By Eulalia Benejam Cobb

Went to a \”chicken swap\” and got four new hens today– seven-week-old pullets, two Rhode Island Reds and two Barred Rocks, all bright-eyed and fully feathered. The Reds are a deep, brownish red; the Rocks are black-and-white striped all over, and when their red combs grow out, they\’ll look like Parisian apaches. (We did not get the handsome pair of mated geese that I craved, or the handful of day-old baby ducks–all yellow down, with those adorable tiny duck beaks–that I came within inches of grabbing.)

There is nothing more charming than a seven-week-old pullet, with her big yellow feet and her tiny head and her Audrey Hepburn eyes. My little lot are clever and inquisitive. Even after the traumas of the morning–being transported inside a cardboard box by their old owner, and in a large dog crate deeply bedded with hay by us–they figured out the feeder and waterer we had set out for them right away. Despite the helpless-sounding peeping that they keep up, they already know a lot about being a chicken.

Why add to our existing flock of four? With hens, you have to think ahead. Our older hens are Buff Orpingtons, a heritage breed, which means that they aren\’t exactly egg-laying machines. They are now a year old, and due to molt in the fall, at which time they will stop laying for a while, and when they start again they will do so at a slower rate. (Besides, one of them may be turning into a rooster, as I explained here ). If all goes as planned, however, the new girls will come of age just as the days grow shorter, and will be in their laying prime in the depths of winter.

For now the new quartet are sequestered in the old goat room, separated from the older hens\’ quarters by a screen door so they can see and, most importantly, be seen by the Buffies. This way, when I release the pullets in a week or so, the Buffies won\’t kill them, which they would certainly have done if I had put them all together this morning. Chickens have a dark side, you know.

In other chicken developments, today we set up the portable fence, and released the Buffies into the lawn to gorge on the new grass and the newly-hatched bugs.

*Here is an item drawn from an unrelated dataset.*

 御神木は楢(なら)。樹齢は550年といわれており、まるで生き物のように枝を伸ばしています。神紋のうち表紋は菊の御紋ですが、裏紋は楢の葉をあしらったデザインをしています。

Every year about this time the hens grow so desperate for fresh greens that they stick their heads out through the bottom holes of the fence to get at the lawn grass, and make a bare swath of earth the exact length of their necks all around their pen.

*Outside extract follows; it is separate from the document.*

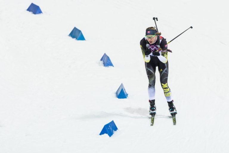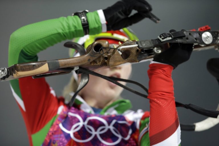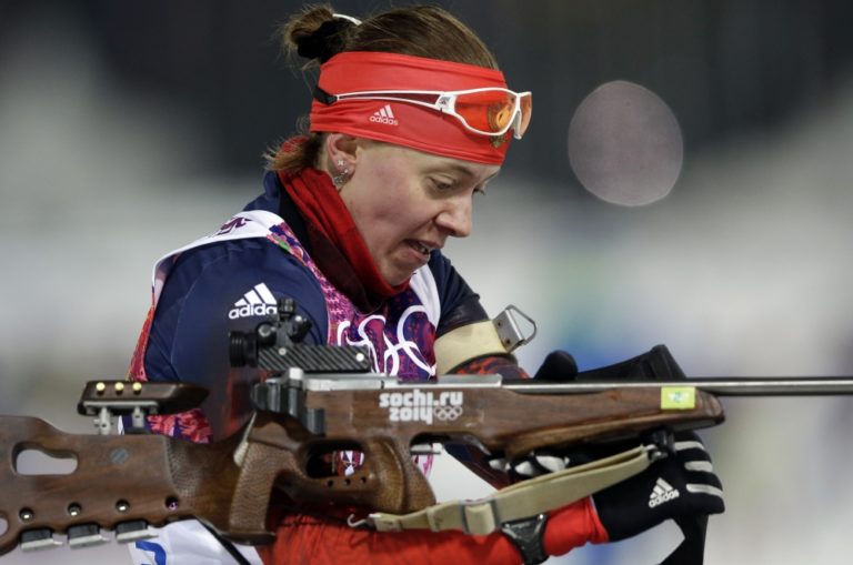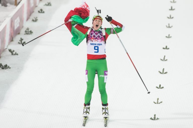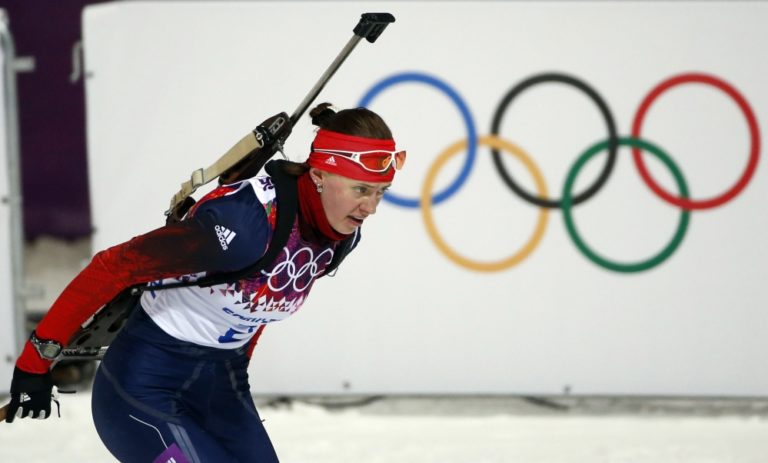 Bieloruská reprezentantka v biatlone Daria Domračevová počas stíhacích biatlonových pretekov žien na ZOH 2014 v Soči. Rusko, Soči, 11. február 2014. Foto: SITA/Jozef Jakubčo

The sky was bright blue when we got the temporary fence set up, and the Buffies, finally released to their summer pasture, looked like golden balls on the bright green grass. In the shed, the pullets, having eaten and drunk, collapsed into a heap and fell asleep. A big tom turkey came out of the woods and ushered his dun-colored mate into the side field, as if he were taking her to a restaurant. And that made me think, should I get a rooster for my flock?